Гоголь-Моголь. Время такое строгое пришло, контрольный опыт начался, эпоха проверяемости. Еще пару сотен таких лет - и баста, поезд дальше не пойдет, просим освободить вагоны.
Богданов (настороженно). Кто опыт ставит?
Гоголь-Моголь. Кто? Ты, например, я, все мы. Вот пришел бы, например, тысячу лет назад кто-нибудь и объявил, что все вокруг есть субстанция воды и пламени. Поди его опровергни. Ведь он на слова наплюет, на аргументы только хмыкнет, мол, верую и все тут. Еще и школу философскую организует, последышей читать-писать по-своему научит. Они ж еще тысячу лет процветать будут, потому что проверить некому. Сейчас, конечно, по такому простому вопросу сомнений нет. Сейчас ему бы в двадцать четыре часа указали, где вода, а где пламень. Конечно, теперь с водой и пламенем никто и не суется. Сейчас посложнее накручивают. Какая-нибудь классификация населения годков сто продержаться может, а потом розог пропишут. А вот наступит полная проверяемость, тогда в реальном времени мыслить придется. Тогда уж двигай ушами, не двигай - без толку, катись на свалку истории. Здесь и выйдут наперед нормальные люди, которым прикидываться противно.

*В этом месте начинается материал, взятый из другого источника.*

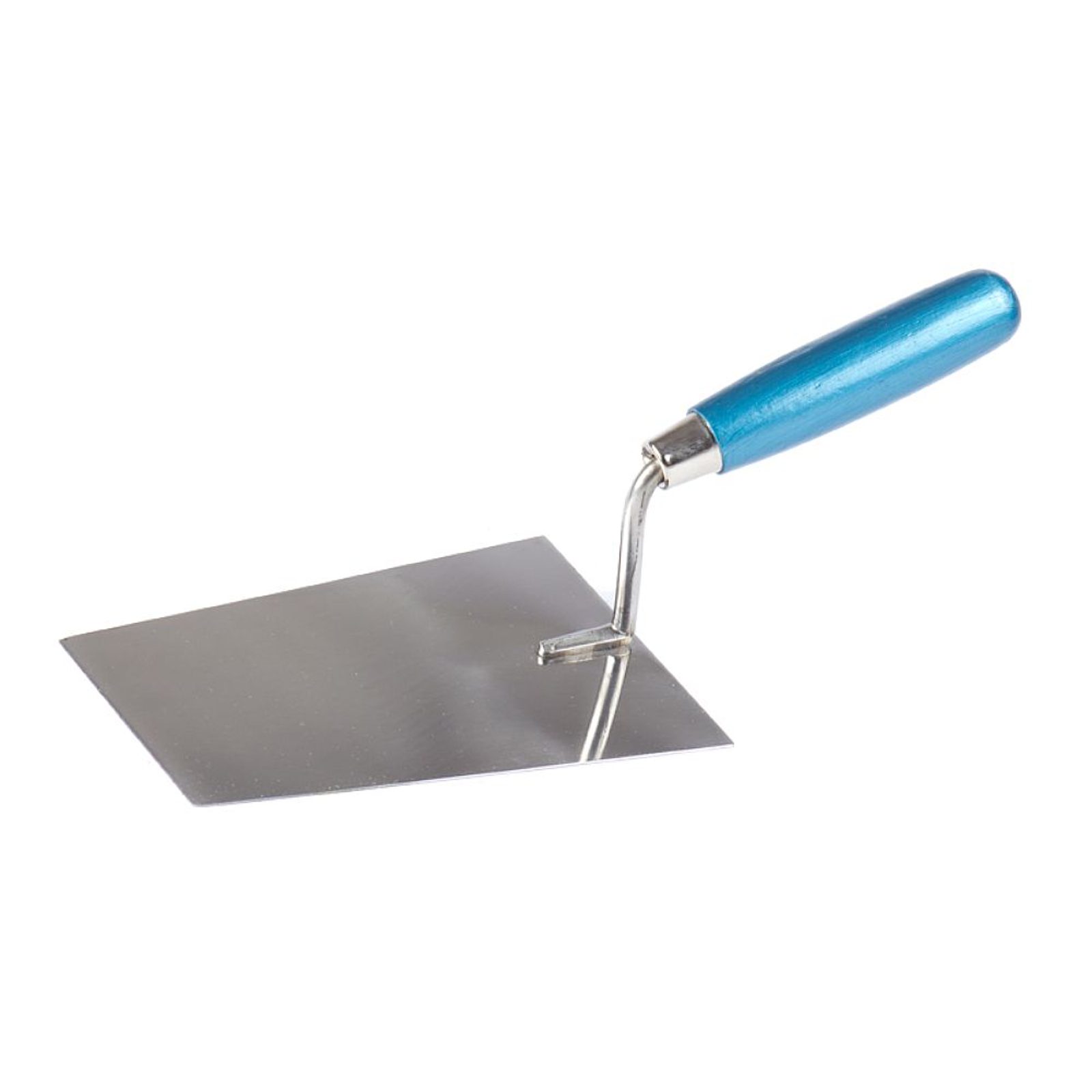 Zednická lžíce s dřevěnou lakovanou ručkou.

Богданов (улыбаясь). Ох, не знаю, как тысячу лет назад, а сейчас вода и пламень очень злободневны.
Гоголь-Моголь. Что ты имеешь в виду?
Богданов. Я имею в виду, что чайник поставить надо.
Гоголь-Моголь спохватывается, замечая в руках чайник. Уходит и через некоторое время возвращается.
Богданов. Как твой трактат о всеобщем равнодействии?
Гоголь-Моголь. О, это бомба! Только тяжело идет, информации не хватает.
Богданов. Но ты давай, поспешай.
Гоголь-Моголь. А чего спешить? Я уж опоздал, теперь лет через сто только и напечатают.
Появляется Доктор. Он очень возбужден.